1. The modified nano-cellulose reinforced soy protein adhesive is prepared from the following raw materials in parts by mass: 20-40% of soybean protein, 1-5% of butane tetracarboxylic acid, 0.5-3% of sodium hypophosphite, 30-70% of nano cellulose aqueous solution and 2-10% of a grafting agent; the grafting agent contains an epoxy group.

2. The modified nanocellulose-reinforced soy protein adhesive as claimed in claim 1, wherein the grafting agent is epichlorohydrin and/or glycidyl ether, and epoxy group in the glycidyl ether is not less than 2.

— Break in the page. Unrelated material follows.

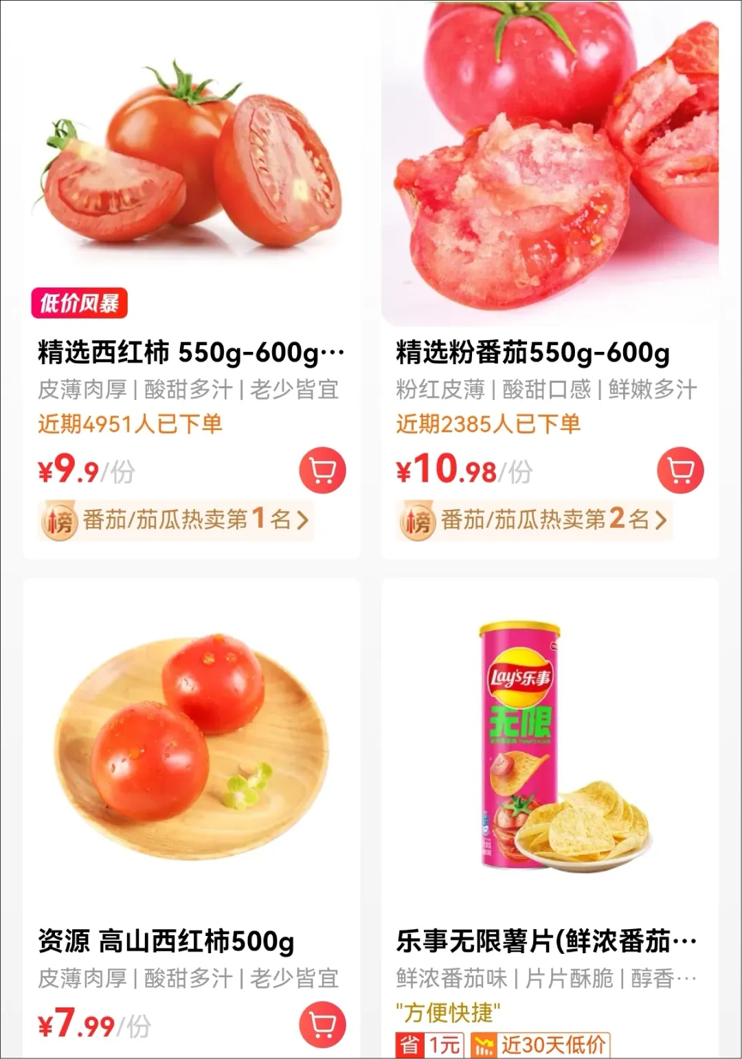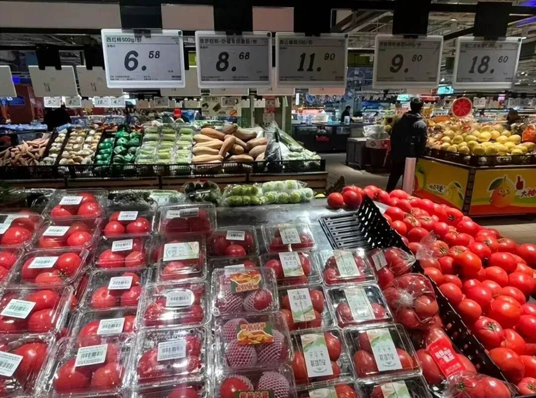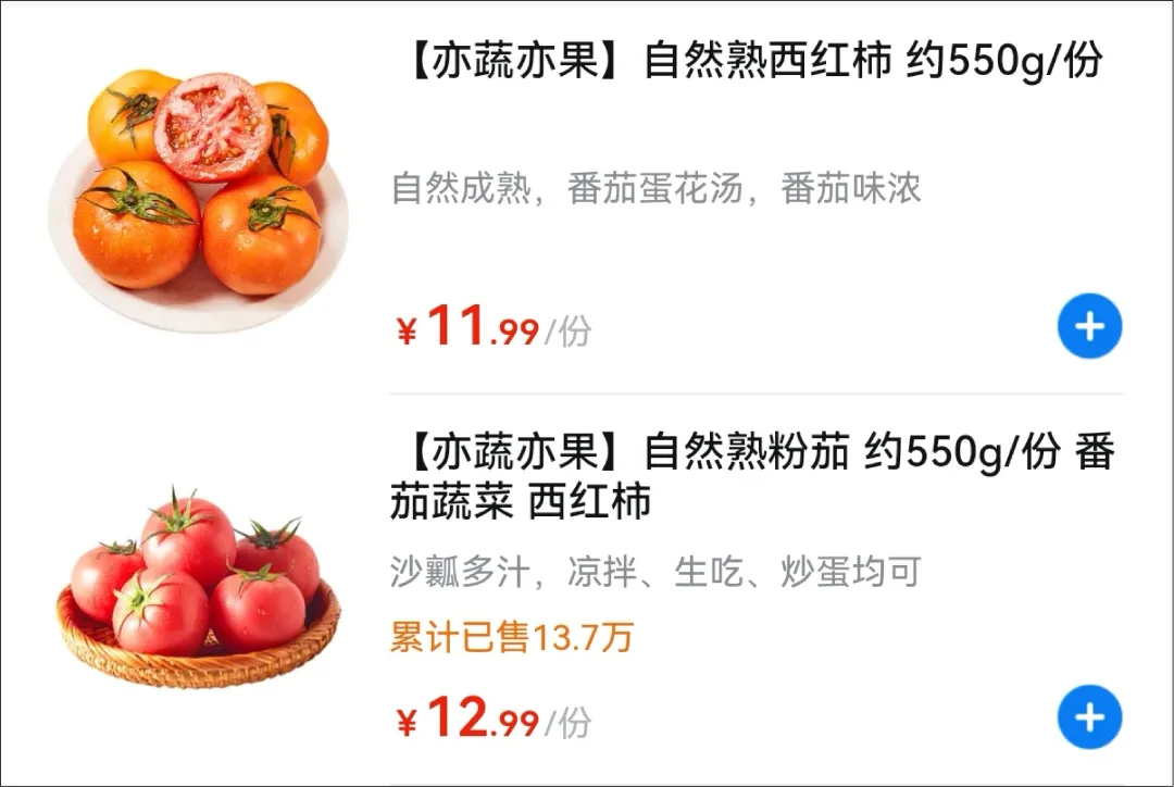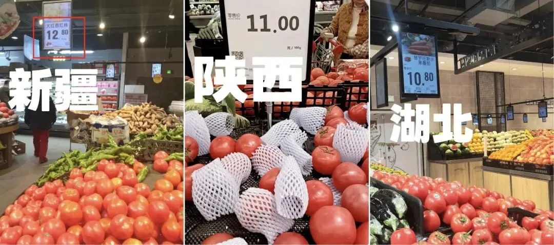 而在桂林一些大型超市,西红柿的身价不知道什么时候,居然已经“奔十”了:大润发精选西红柿550-600g,标价9.9元/份;永辉超市吾悦广场店红西红柿9.9元/500g,粉西红柿则相对便宜一些,为7.99元/500g;沃尔玛万象城店自然熟西红柿11.99元/约550g,番茄蔬菜西红柿12.99元/份。

3. The modified nanocellulose-reinforced soy protein adhesive of claim 2, wherein said glycidyl ether is ethylene glycol diglycidyl ether, bisphenol a diglycidyl ether, pentaerythritol glycidyl ether, diethylene glycol diglycidyl ether, neopentyl glycol diglycidyl ether, or trimethylolpropane triglycidyl ether.

4. The modified nanocellulose-enhanced soybean protein adhesive as claimed in claim 1, wherein the soybean protein is defatted soybean flour, defatted soybean meal or soybean protein isolate, and is processed into powder by crushing, wherein the particle size is not less than 200 meshes, and the oil content is less than 5%.

5. The preparation method of the modified nanocellulose-reinforced soy protein adhesive according to any one of claims 1 to 4, comprising the following steps:

(1) adding 1,2,3, 4-butanetetracarboxylic acid and sodium hypophosphite into a nano cellulose aqueous solution, and stirring for 1-3h in a water bath at 40-60 ℃ to obtain esterified nano cellulose containing carboxyl;

(2) adding a grafting agent into the obtained reactant (1), adjusting the pH value to 8-10, and carrying out heat preservation reaction at 35 ℃ for 1-3h to obtain epoxy-containing nanocellulose;

(3) adding the soybean protein into the reaction product (2), and reacting at room temperature for 1-2h to obtain the modified nano-cellulose reinforced soybean protein adhesive.

6. The preparation method of the modified nanocellulose-reinforced soy protein adhesive according to claim 5, wherein the preparation method comprises the following steps: the reagent for adjusting the pH value is one or a mixture of more of sodium hydroxide, calcium hydroxide, potassium hydroxide, barium hydroxide, sodium carbonate or potassium carbonate.